The enthalpy of formation describes the change in energy that a system of reactants undergoes in order to form the product. In this case, nickel and oxygen are the reactants which undergo a thermodynamic and chemical change, to produce nickel (ii) oxide. Nickel is normally present as a solid, and oxygen as a gas.` Ni(s) + O_2 (g)-> NiO(s)`
There isn't really a generalized way of knowing what the state of the product will be, but a little research shows that nickel(ii) oxide will be a solid. Nickel itself is normally present as a solid, and oxygen as a gas.

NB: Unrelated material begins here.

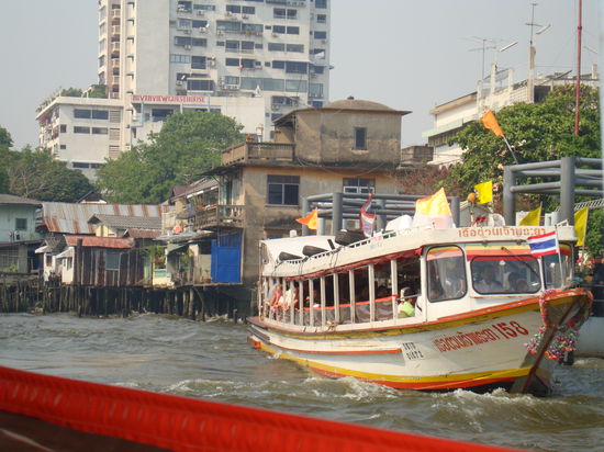 Später machen wir uns auf den Weg zum Chao Phraya, der Hauptschlagader der Stadt. Wer in Bangkok "schnell" und günstig von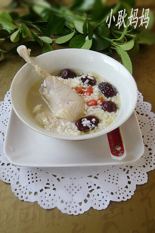 6、加上酒酿,枸杞和红枣烧开就可以。

In order to solve this problem, you will need several charts. Unfortunately not all of the charts that I have, or was able to find on the internet, gave consistent values; I would recommend that you use only the charts provided in your textbook or by your instructor.

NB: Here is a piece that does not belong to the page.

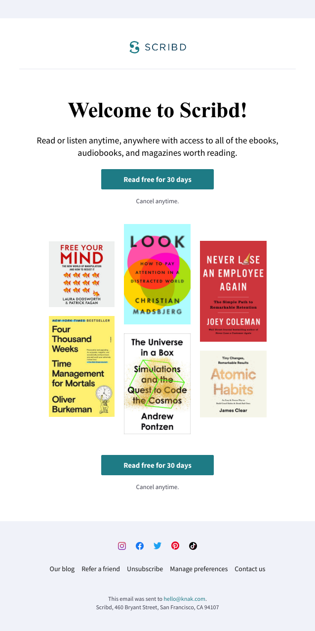 Scribd welcomes their new user to the community with a free 30-day trial.

There are several steps that we need to account for;
- We need to turn both reactants into monatomic gases so that they can react completely
- We need to ionize both reactants with the gain or loss of two electrons
- We need to account for the loss of electromagnetic potential when the charged ions bond and produce a solid
First, we only need one oxygen atom for every nickel atom; however oxygen is only available in O2 form. Thus we can either double some of our coefficients for nickel, or halve our coefficients for oxygen gas. I have chosen to halve the oxygen gas coefficients.

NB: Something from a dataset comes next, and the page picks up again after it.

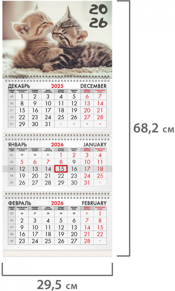 💳 Оплатить за товар можно при получении 🇰🇿 Есть бесплатная доставка по Казахстану от 1 дня 🎁 Копите бонусы с каждой покупки Квартальный календарь Brauberg «Милые котята» предназначен для делового планирования. Офисный календарь на 2026 год на 3 гребнях. Состоит из 3 блоков с календарными сетками на три месяца — предыдущий, текущий и последующий. Блок календаря напечатан на офсетной бумаге плотностью 65 г/м2. Подложка изготовлена из мелованного картона плотностью 235 г/м2. Курсор-бегунок выделяет текущую дату. Вертикальный формат. |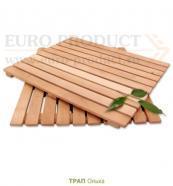 Напольный трап из ольхи черной имеет рифленую лицевую сторону, что предотвращает скольжение на влажной поверхности.

Enthalpy of atomization for nickel: 431kj
Enthalpy of atomization for O2: 294(.5) = 147kj
Second, we need to take away two electrons from the nickel, and add them to the oxygen.
First and second ionization energies of nickel atoms: 737kj, 1753kj
First and second electron affinities for oxygen: -142kj, 844kj
Third, we account for the lattice energy of the newly bonded NiO: I found a variety of numbers for this value, and have chosen to use -4000kj. Again, I strongly recommend that you use only the data provided in your own textbook for these values.